Don’t forget the midwives and their significant contribution to health care

I read with keen interest the editorial “Shabby treatment of health workers” (4/27/23) as it was published while I was in Lahug, Cebu City, taking part as the live voiceover for the 24th National General Assembly of the Philippine League of Government and Private Midwives, Inc. (PLGPMI).

Held from April 26 to 28, 2023, the event was attended by 3,200-plus midwives from Luzon, Visayas, and Mindanao. Excluded from the tally were even more midwives who participated virtually. Deprived of three successive general assemblies that would have otherwise been held in 2020, 2021, and 2022 if not for the COVID pandemic, they came to the Waterfront Hotel and Convention Center in full force to listen in rapt attention to the distinguished speakers who discussed wide-ranging topics related to their most noble profession.
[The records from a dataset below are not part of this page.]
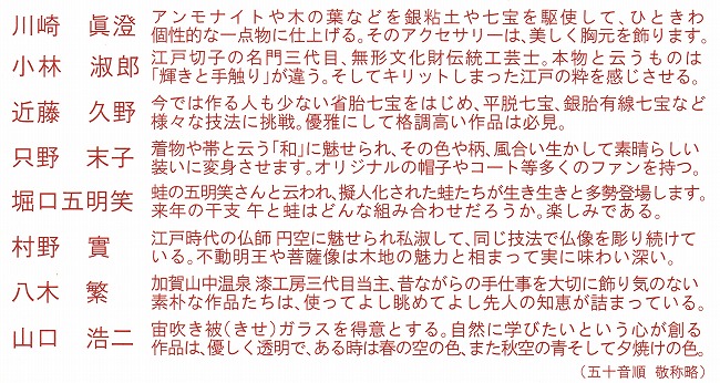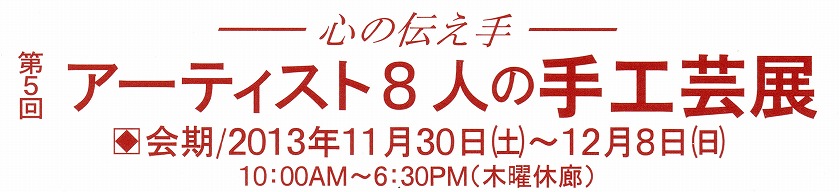 毎年ご好評の手工芸展の季節となりました。8人のアーチスト達が心をこめて創りました。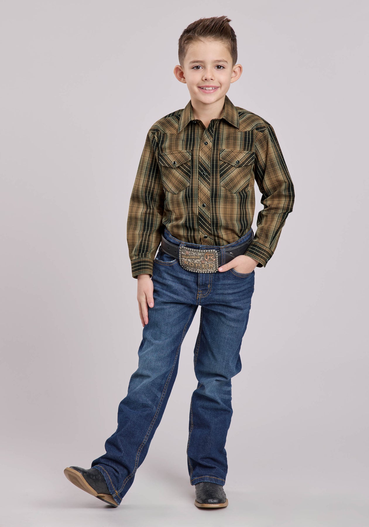 BOYS LONG SLEEVE SNAP BROWN BLACK TAN PLAID WESTERN SHIRT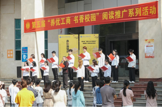 本网讯(通讯员 王应芬)4月14日上午,永利14m在线登录第五届“养优工商 书香校园”阅读推广系列活动启动仪式在校图书馆前隆重举行。校长田巨平、党委书记黄恒、副校长陈立丽、党委副书记刘骞和各学院书记、相关部门负责人、辅导员及学生代表近百人参加。本届阅读推广活动由学校阅读推广领导小组指导,校团委、图书馆、校语委办联合主办。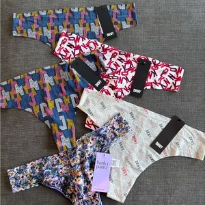Brighten up your wardrobe with this set of 4 DKNY thongs and one Hanky Panky thong. Featuring vibrant colors and playful patterns, these accessories are perfect for adding a fun touch to any outfit. All are size XL. Hanky Panky is OSFM.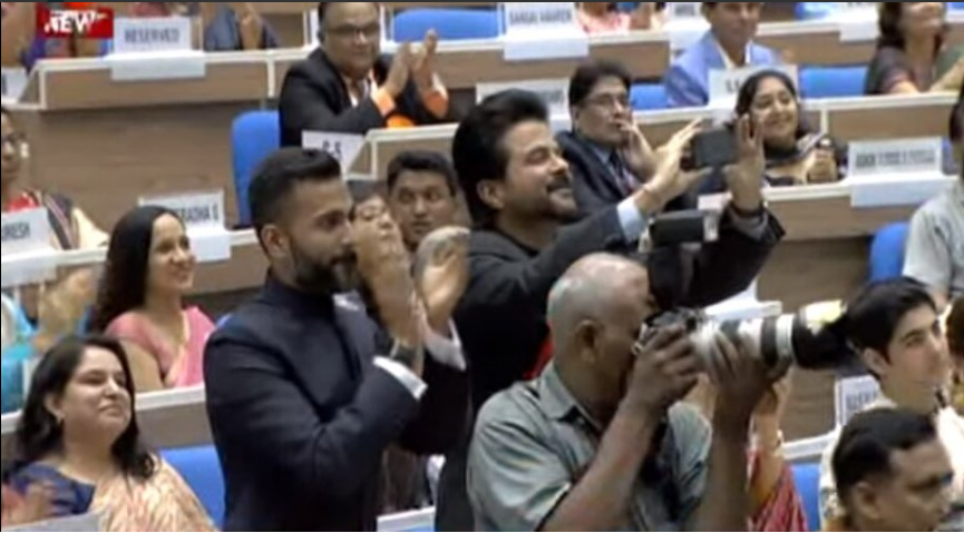 Sonam’s daddy Anil Kapoor and rumoured beau Anand Ahuja have accompanied the lady to the National Awards. We came across a few pictures from the ceremony wherein we can see Anil Kapoor cheering and clicking Sonam’s picture while she is receiving the award. Anand Ahuja too is elated with Sonam’s victory.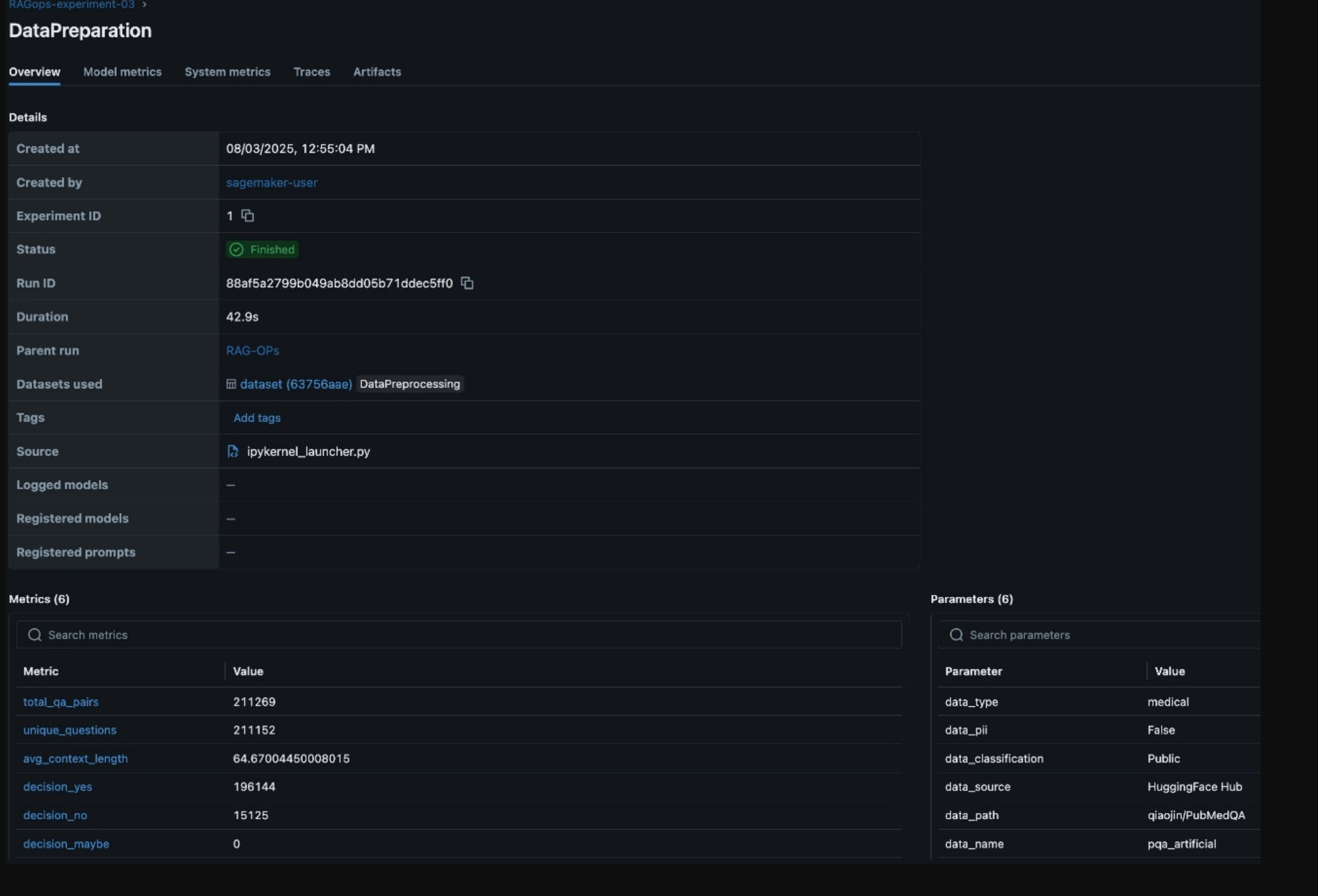 In the RAG workflow, rigorous data preparation is foundational to downstream performance and reliability. Tracking detailed metrics on data quality, such as the total number of question-answer pairs, the count of unique questions, average context length, and initial evaluation predictions, provides essential visibility into the dataset’s structure and suitability for RAG tasks. These metrics help validate the dataset is comprehensive, diverse, and contextually rich, which directly impacts the relevance and accuracy of the RAG system’s responses. Additionally, logging critical RAG parameters like the data source, detected personally identifiable information (PII) types, and data lineage information is vital for maintaining compliance, reproducibility, and trust in enterprise environments. Capturing this metadata in SageMaker managed MLflow supports robust experiment tracking, auditability, efficient comparison, and root cause analysis across multiple data preparation runs, as visualized in the MLflow dashboard. This disciplined approach to data preparation lays the groundwork for effective experimentation, governance, and continuous improvement throughout the RAG pipeline. The following screenshot shows an example of the experiment run details in MLflow.

Being there to introduce and listen up close to the speakers reminded me of the article published in the Inquirer “Young Afghan women train as midwives for out-of-reach villages” (News, 3/8/23) that I read a few months ago. It reported on how young women are being trained to be midwives as the terrain, topography, and remoteness of the places they come from in now Taliban-run Afghanistan make it difficult for pregnant women to be transported to a health center where they can give birth in ideal conditions. It cited the case of a pregnant woman in labor whose baby boy did not survive as she struggled to walk in the middle of the night to her in-laws’ house, while her husband was desperately looking for an ambulance which, sadly, arrived much too late in that mountainous province of Bamiyan.
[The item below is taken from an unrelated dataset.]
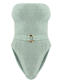 belted textured swimsuit Highlights - Green - Textured - Belt - Ring detail - Strapless - High-cut legs - Be mindful to try on swimwear over your own garments. Imported Composition Recycled Nylon 60%, Polyester 22%, Nylon 7%, Lurex 6%, Lycra 5% Washing instructions Hand Wash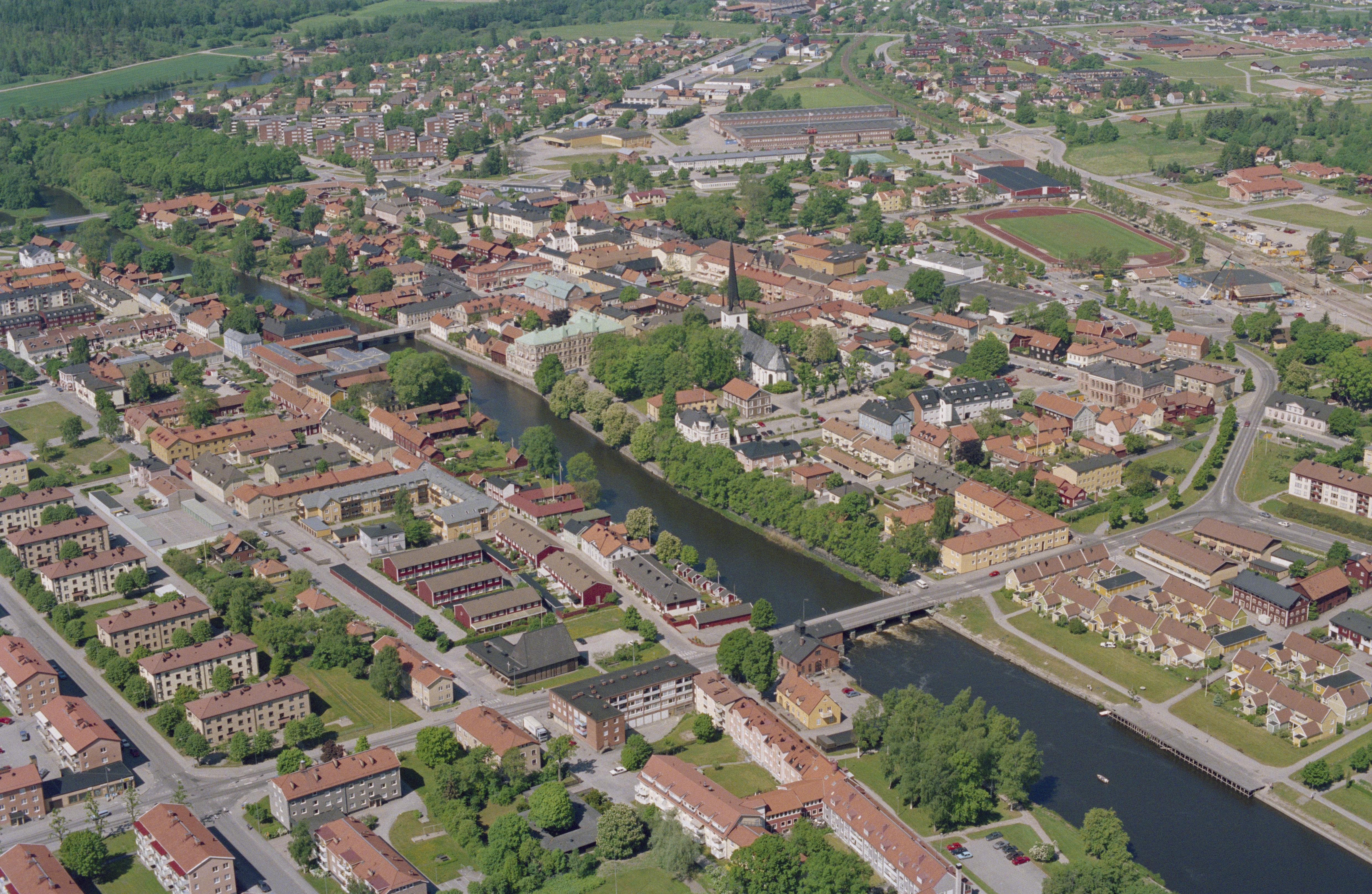 Beskrivning: Arboga stad vid Arbogaån. Heliga Trefaldighetskyrka i stadslager RAÄnr Arboga stad 34:1 i bildens mitt. Bilden är tagen mot (väderstreck): NV

That very plight of pregnant women in some parts of Afghanistan is also a reality in many far-off areas of our country. In an archipelago of 7,641 islands where many of its citizens who reside in the remotest of places have no access to nearby hospitals or health facilities, it is essential for each barangay to have at least one midwife to readily help a woman in labor deliver her baby. Ideally, as per the Magna Carta for Public Health Workers, it should be one midwife per 5,000 people.
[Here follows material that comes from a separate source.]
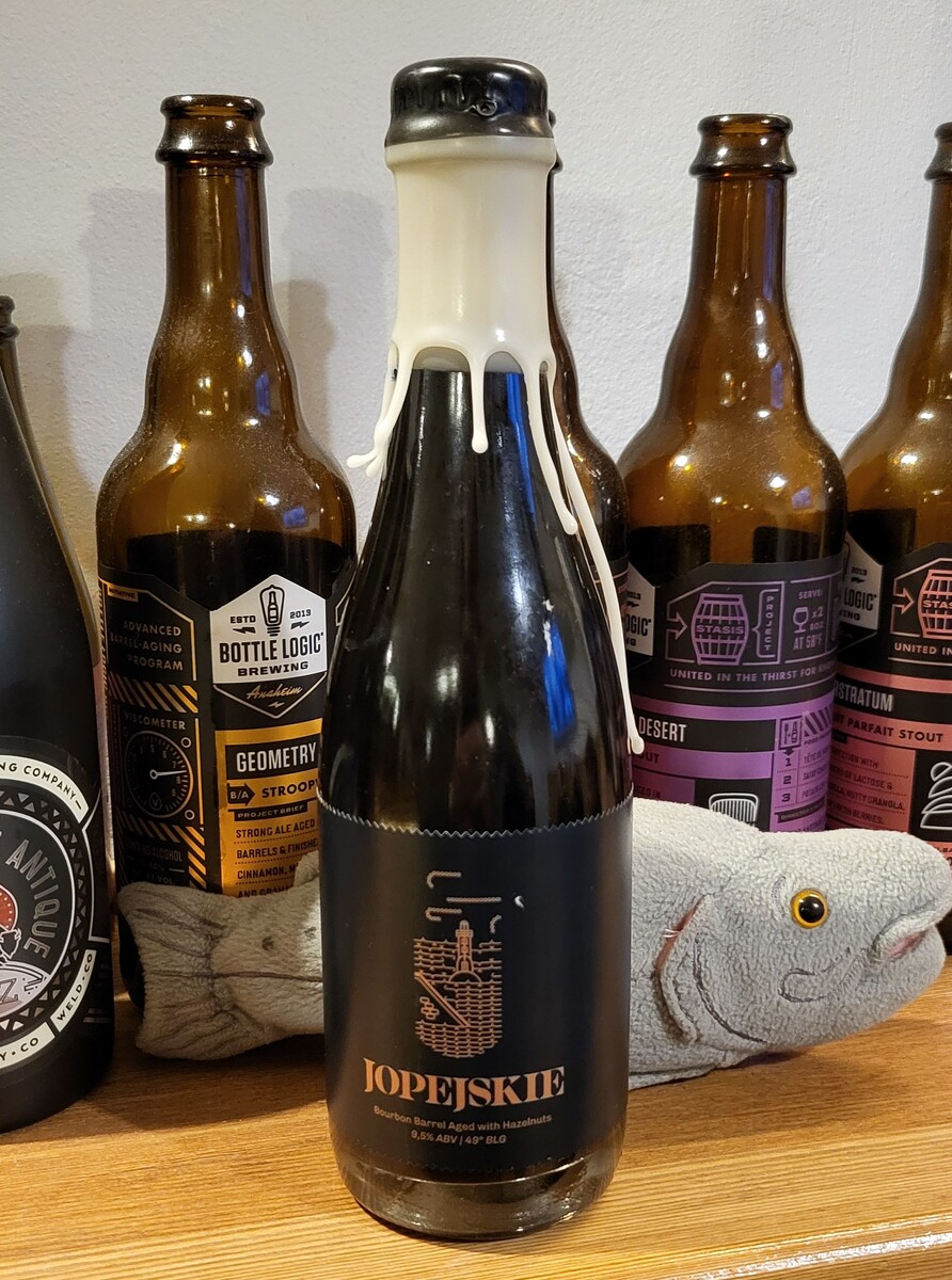 Нынче многие пивовары ищут какие-то региональные сорта пива, которые были забыты, чтобы дать им новую жизнь. Так, например, ожил когда-то забытый стиль гозе (и я вообще не о томатах!), возвращаются цвикели, кёльши и альтбиры... Вот и в Польше нашли Jopenbier (Jopejskie beer), который исторически был невероятной плотности и даже использовался как сироп от кашля. И бродил он забавным образом, сначала грибы плесени, потом дрожжи и потом созревание под пленкой флора (дрожжей, родственных штаммам, используемым для приготовления хереса, портвейна и мадеры) У нас тут версия от Browar Stu Mostów, которая два года провела в дубовой бочке а затем - еще год в бочках от Jim Beam и Wild Turkey, да еще и хареного фундука добавили!

In her talk, former health assistant secretary Cecil Banca-Santos said: “We (midwives) are the most visible and accessible health professionals, particularly in the GIDAs (geographically isolated and disadvantaged areas). We don’t mind trekking mountainous terrain, crossing rivers and lakes, immersing in rebel-infested areas, riding habal-habal, and riding a motorcycle or scooter to answer the call of duty.”

Considering the lengths they would go to render their service during difficult situations, as well as their significant contribution to the entire health care system, midwives should not be taken for granted or forgotten during important discussions about the welfare of Filipino health workers and medical frontliners. Indeed, as the PLGPMI battle cry goes, “The midwives are worth investing in.”

In the open forum segments of the three-day assembly, some participants did not just ask the speakers questions, but also raised several concerns, one of which the aforementioned editorial brought up—the COVID-19 allowance and health emergency allowance, which some of them have also not yet received to this very day.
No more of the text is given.